About 16 years ago I read a book where the main character was a male bisexual (I can't remember his name) who ultimately kills himself at the end. The plot went something like main character lives on fringes of society, carries weapons, and lives in an apartment paid for by his absent father. His lover is killed (I forget by who). He takes a new female lover (who may have been called Angelique but may not be) who has had her brother digitized and stored in a pendant which she wears. When they break up he inadvertently releases the digitized version into the internet where it gives him a sound file to play to the girlfriend which drives her insane. He then kills himself by blowing up the (levitating) building they are in.

I remember it because it was violent, had lots of cool tech in it (ipod like devices, hoverskates etc) and the main character talked about music all the time. It discussed things like digitizing people and street cameras to watch people earlier than other stories which I had read, and so discussed the "near future", parts of which have now arrived.


  • 1
    I hope hoverskates are near.
    – n611x007
    Jun 26 '12 at 19:02

Found it! "Bad Voltage" by Jonathan Littell.
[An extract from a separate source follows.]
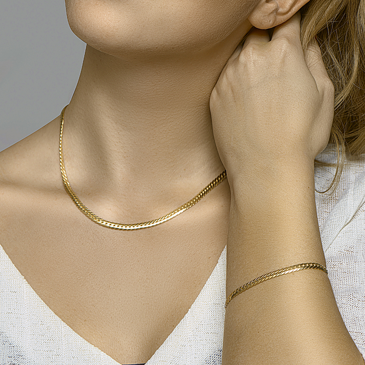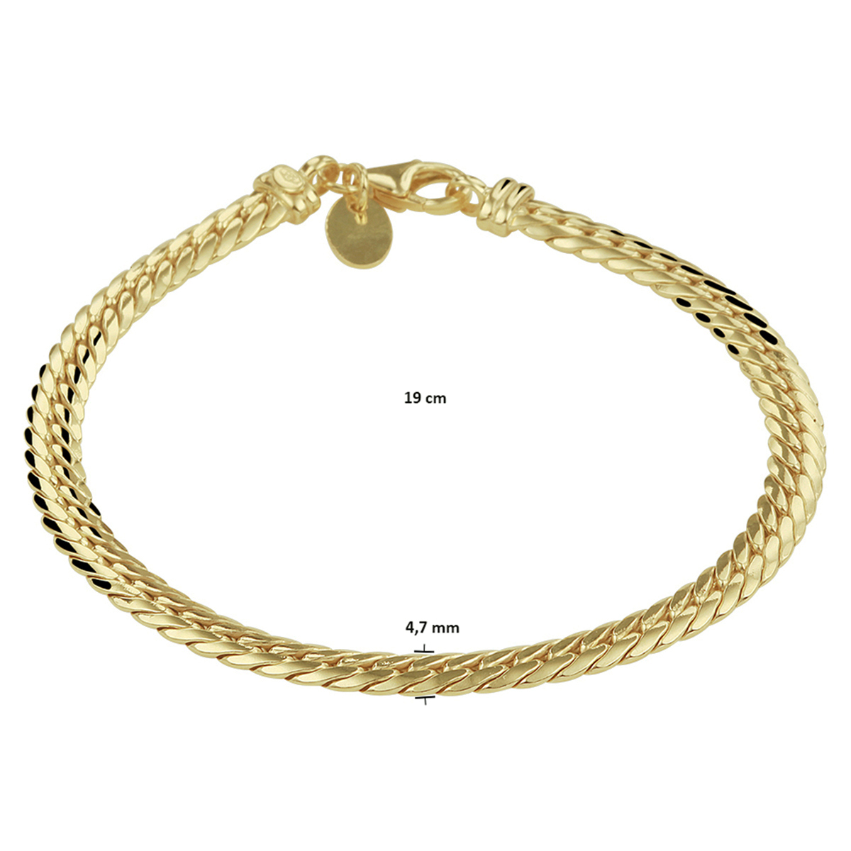 14k Geelgouden gourmet armband met daarin een kern van 925 zilver en uitgevoerd met een stevige karabijn sluiting. De armband heeft een schakelbreedte van 4.7mm en een draaglengte van 19cm.

Life is cheap in riot-torn Paris, and no one knows it better than the Livewires, a doped-out gang of bio-enhanced delinquents. When Lynx, a Livewire, becomes involved with an Uptown heiress, their relationship sparks a war between Uptowners and Downtowners that could completely destroy their city!

  • I added a plot summary from Goodreads. I don't suppose you could provide some details from the book that match your question?
    – FuzzyBoots
    Jun 23 '15 at 13:15

I've never read the book. But after googling for a very long time I came across the story "Paris in the Twentieth Century" by Jules Verne.

Here is a link to the Wikipedia article about the story. It was similar enough to what you described that I think it may be what you are looking for.

Here is the book on Amazon unfortunately they don't have a Kindle version though.

I hope this is what you were looking for!

  • I no longer think this answer is correct. But I will leave it so the asker of the question can at least take a look.
    – Sponge Bob
    Jun 28 '12 at 17:47
  • Thanks for replying - I don't think this is the book, but it does look like it's worth reading though.
    – Andrew
    Jun 29 '12 at 16:45
  • 1
    Nope, Jules Verne's lost novel does not feature digitization of people. He had a neat idea of a "visual telegraph", though, but that's as far as it went.